* _TASK GOAL_:
Stop at the line that contains "Atzoko Topaketako finalerako". Until then, set down each line of the records exactly, beginning with the first, and skip pictures.

* _DATA FOR THIS EXERCISE_:
Segment Open

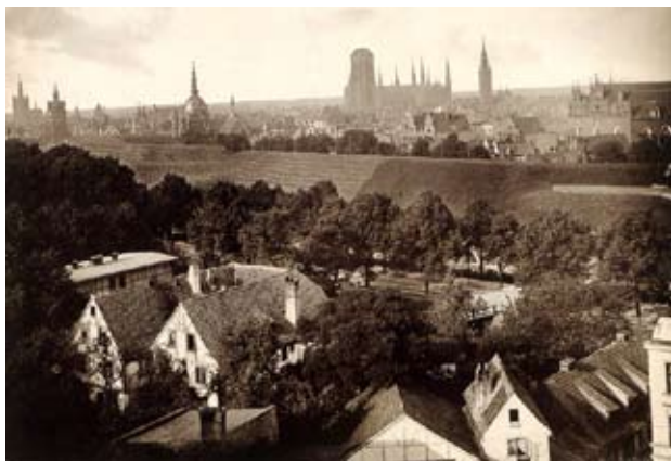
Widok na Gdańsk z Biskupiej Górki - 1890 r.

Okres wakacji to czas letnich wyjazdów, bowiem według niektórych aby odpocząć trzeba wyjechać. Popularne niegdyś wyjazdy nad Morze Czarne, obecnie ze względów finansowych i politycznych nie dla wszystkich są dostępne. Dla tych, którzy pozostali w mieście proponuję podróż przez historię nad gdańskie Morze Czarne.
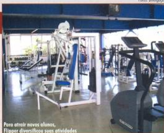
Para atrair novos alunos, Flipper diversificou suas atividades

Outro ponto a ser destacado é que a tradicional escola passou a agregar diferentes modalidades esportivas, vindo a trabalhar a qualidade de vida e o bem-estar das pessoas. A Flipper também oferece ginástica, musculação, hidro, Body Systems, lutas marciais, boxe, capoeira e, mais recentemente, ioga.
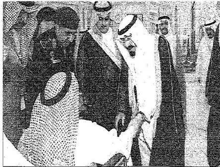
خادم الحرمين خلال استقباله للمواطنين بواحد
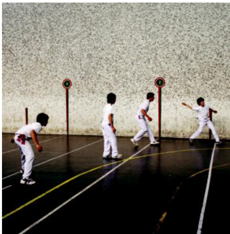
Atzoko Topaketako finalerako bat, Elorri pilotalekuan.

HERRITARRAK Aurrekontuak osatzeko herritarrei inkesta bat helarazi zieten; «oso egokia» izan dela azaldu dute »
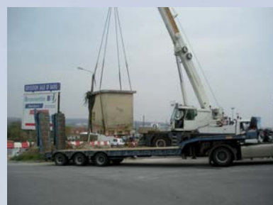
Dépose poste de transformation
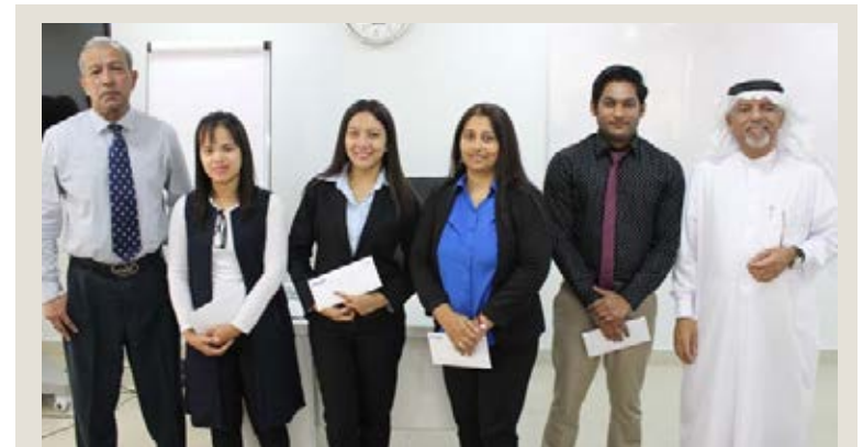
OTC management rewards the QQA team members

The CEO also awarded the members of the A team who worked on keeping documents of the training programs, trainees, and trainers in a proper sequence.
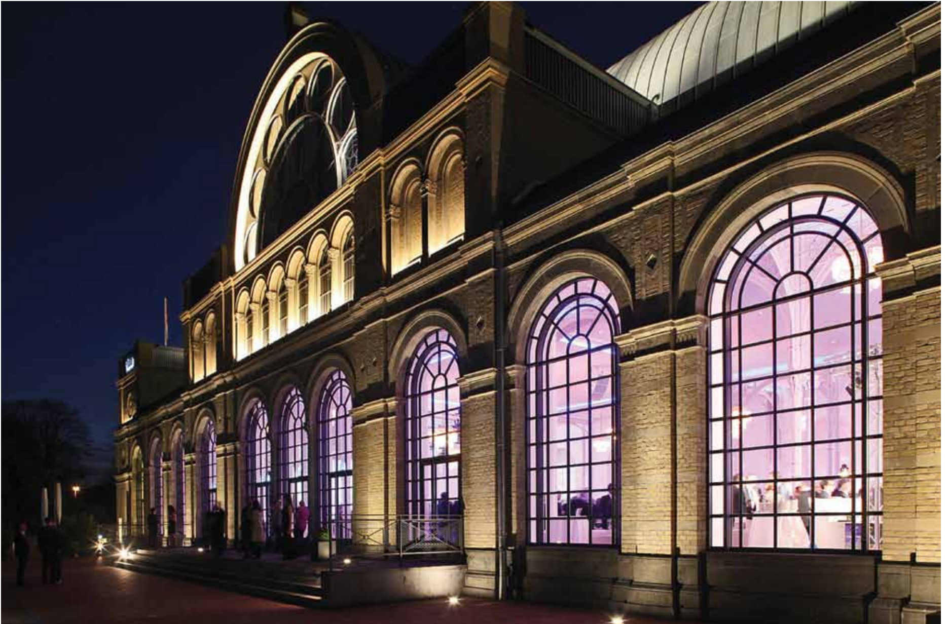
Flora Köln
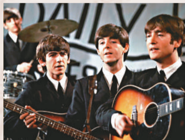
▲披頭四的搖滾樂風靡至今
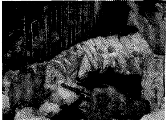
△ 외래성 질병의 침입은 양계산업 발전을 저해하고 있다. 계군위생검사는 혈청을 채취 해 조기 질병 방역에 중요한 역할을 할 것이다.

른 시일 내에 그 질병을 발견하여 대책을 세우 느냐에 따라서 양계산업에 미치는 영향도 그만큼 클 줄로 안다. 따라서 우리는 계군별 혈청검 사사업을 통해서 새로운 질병을 조기에 발견하 여 빠른 시일내에 예방대책을 강구할 수 있는 중 은 점을 가지고 있을 뿐만 아니라 큰 안목으로 전국적인 닭질병에 대한 예찰을 가능하게 하여 신속한 방역대책을 세울 수 있는 장점을 가지고 있다.
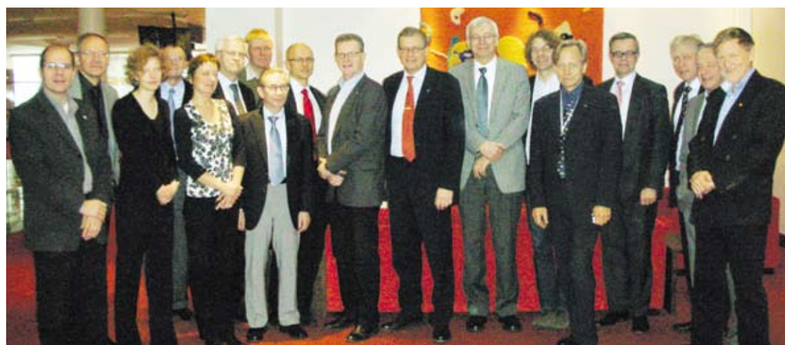
Förbundsstyrelsen samlades till kongressperiodens sista möte i Helsingfors i mars.
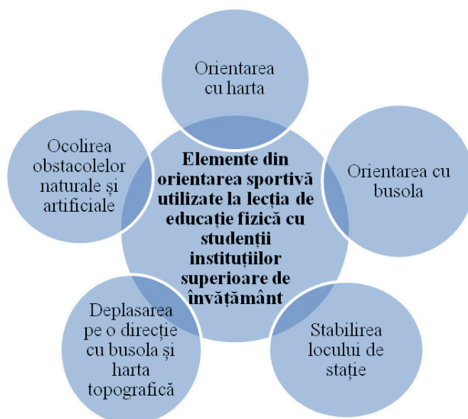
Fig. 1. Elemente din orientarea sportivă utilizate la lecția de educație fizică cu studenții instituțiilor de învățământ superior

O bună parte a activităților realizate la lecția de educație fizică cu studenții au presupus utilizarea busolei pentru orientarea sportivă. La lecțiile de educație fizică cadrele didactice, în primul rând au familiarizat studenții cu tipurile de busole și cu aspectul caracteristic al acestora. Totodată, au explicat cum aceasta poate fi aplicată și care este modalitatea de lucru în teren, oferind studenților oportunitatea de a se orienta după busolă.
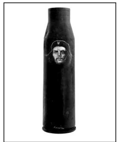
Con su cañón de futuro, de Roberto Fabelo, técnica mixta sobre un casquillo de bala de cañón.

“Su foto del Che, convertida en bandera, no es su único legado, pero esa sola imagen bastaría para situarlo entre los profetas de su tiempo. Él vio entonces lo que nadie: el rostro del futuro, la rebeldía de los pueblos, la irremediable lucha de los revolucionarios de todo el mundo por conquistar el porvenir.”
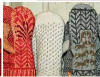
Fantastiskt varma och sköna helfodrade vantar från Öjebyn.
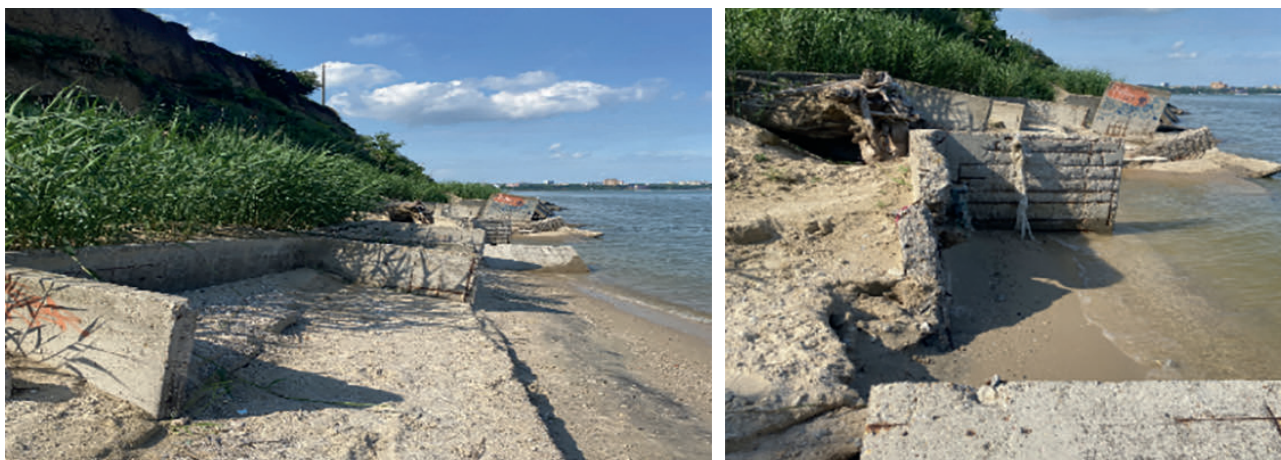
Рис. 6. Берегозащита в виде П-образной стенки
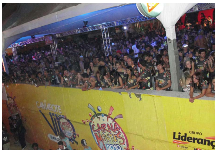
VEJA OUTRA FOTO, a vibração dos foliões nos camarotes que eram montados em dois andares.

Segment Closed

* _OUTPUT FOR THIS TASK_:
Widok na Gdańsk z Biskupiej Górki - 1890 r.

Okres wakacji to czas letnich wyjazdów, bowiem według niektórych aby odpocząć trzeba wyjechać. Popularne niegdyś wyjazdy nad Morze Czarne, obecnie ze względów finansowych i politycznych nie dla wszystkich są dostępne. Dla tych, którzy pozostali w mieście proponuję podróż przez historię nad gdańskie Morze Czarne.
Para atrair novos alunos, Flipper diversificou suas atividades

Outro ponto a ser destacado é que a tradicional escola passou a agregar diferentes modalidades esportivas, vindo a trabalhar a qualidade de vida e o bem-estar das pessoas. A Flipper também oferece ginástica, musculação, hidro, Body Systems, lutas marciais, boxe, capoeira e, mais recentemente, ioga.
خادم الحرمين خلال استقباله للمواطنين بواحد
Atzoko Topaketako finalerako bat, Elorri pilotalekuan.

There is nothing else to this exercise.